Is your AI Strategy Improving CX or Just Making Friction Cheaper?
DCX Links April 12
Welcome to the DCX weekly roundup of customer experience insights!
AI is finally changing CX work in real ways—not just with faster content or cheaper tickets, but by pulling CX closer to the live operation of the business. Done well, that means spotting friction earlier, responding faster, and shaping outcomes before customers feel the pain.
There’s a catch: AI will scale whatever you point it at. Aim it at cost per contact and you risk industrializing bad experiences. Aim it at customer value—with clean data and clear guardrails—and you remove effort, improve satisfaction, and free teams to focus on the problems that genuinely need human judgment.

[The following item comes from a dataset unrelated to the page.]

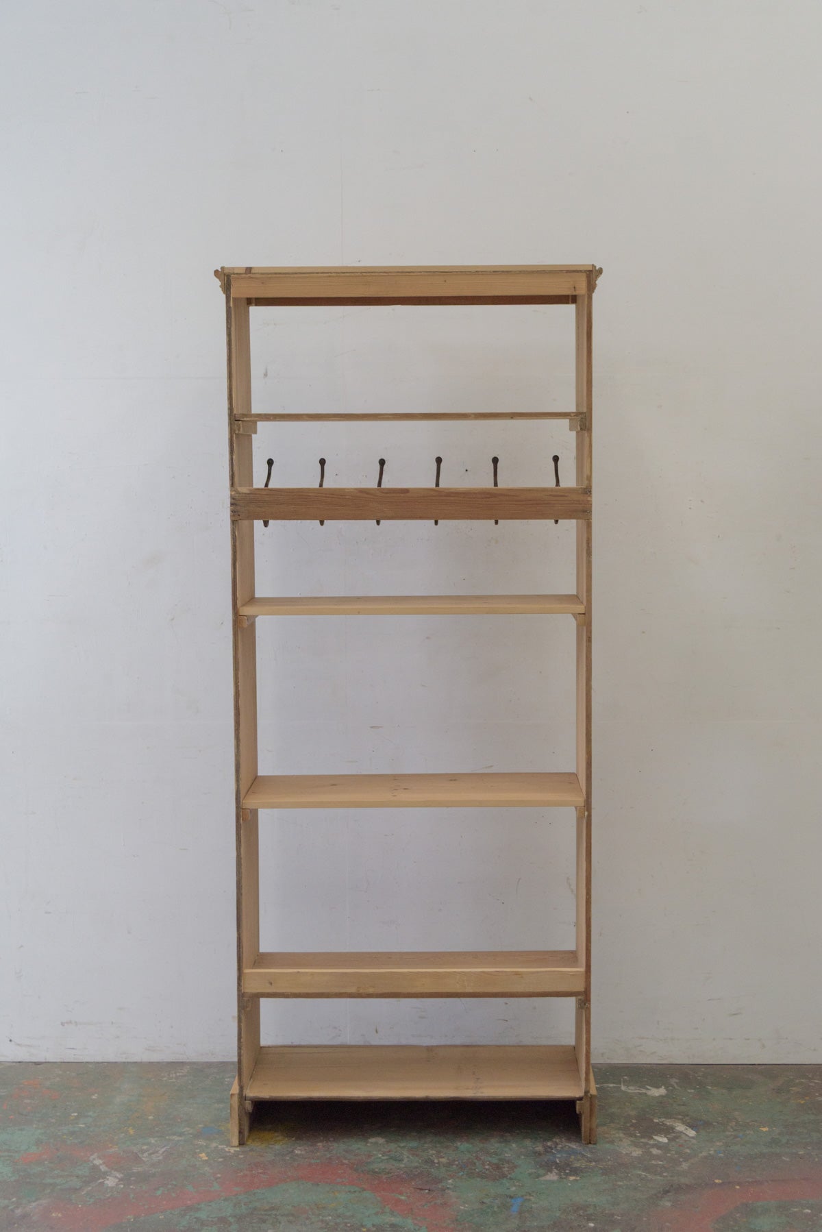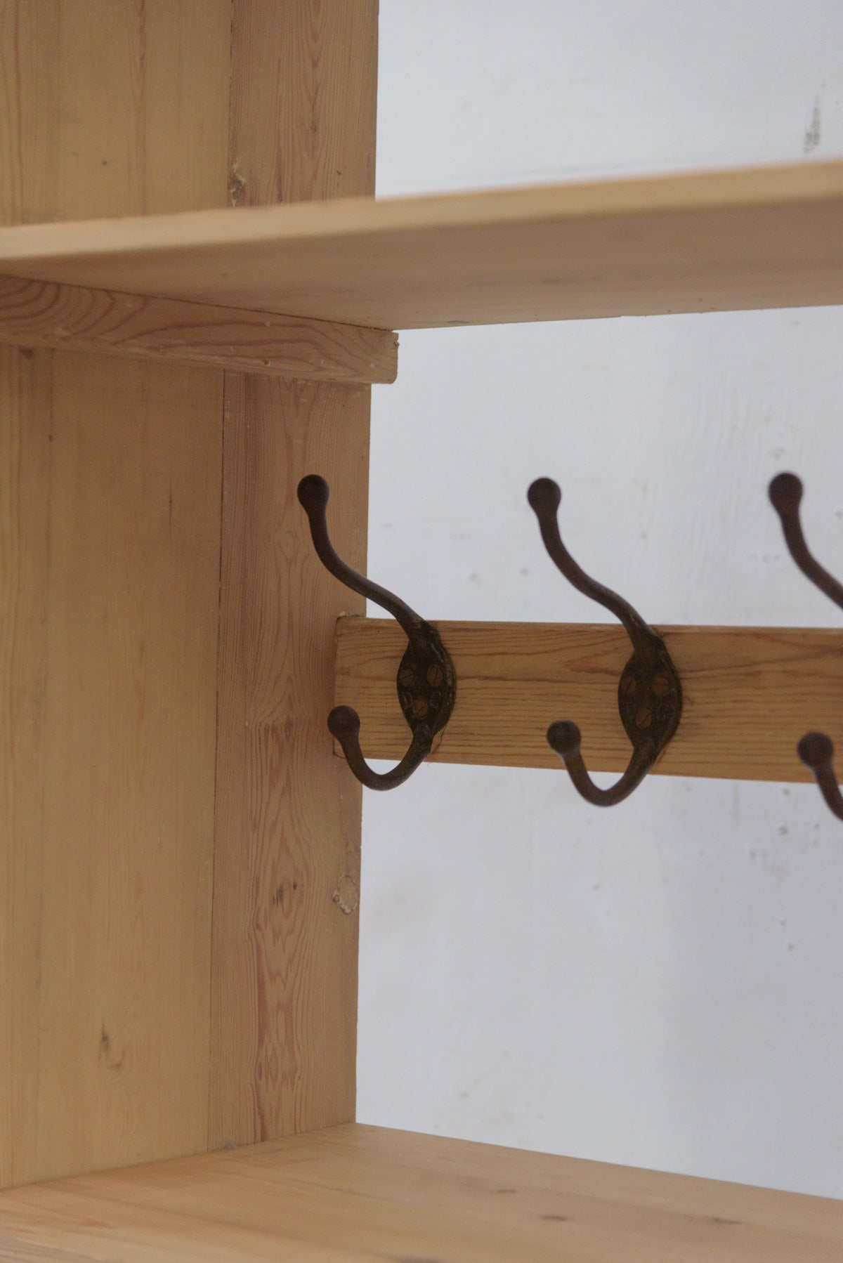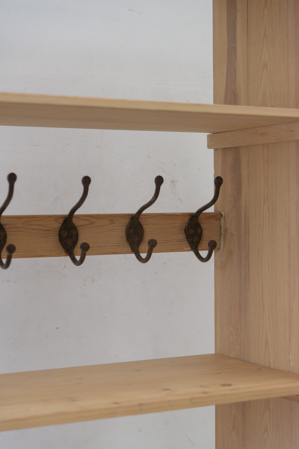 上から2,3段目の棚板は取り外せますので、コートハンガーとしてもお使いいただけます。材質はパイン、フックは鉄製です。

This week’s edition leans into that fork in the road. You’ll see:
What real‑time CX design looks like in practice.
How optimizing the wrong metric quietly erodes loyalty.

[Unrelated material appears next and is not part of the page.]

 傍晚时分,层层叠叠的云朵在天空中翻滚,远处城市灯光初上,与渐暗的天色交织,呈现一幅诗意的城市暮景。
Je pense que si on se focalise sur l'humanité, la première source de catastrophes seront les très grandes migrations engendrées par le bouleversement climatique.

Where AI breaks down as a “researcher.”
Why agentic AI depends more on your data plumbing than your demos.
A support stat line and case study you can steal as a playbook.
My take: AI isn’t the problem. Most CX teams are just pointing it at the wrong outcomes.
The thread running through all of it: is your AI strategy improving customer experience—or just making friction cheaper?
Let’s dig in.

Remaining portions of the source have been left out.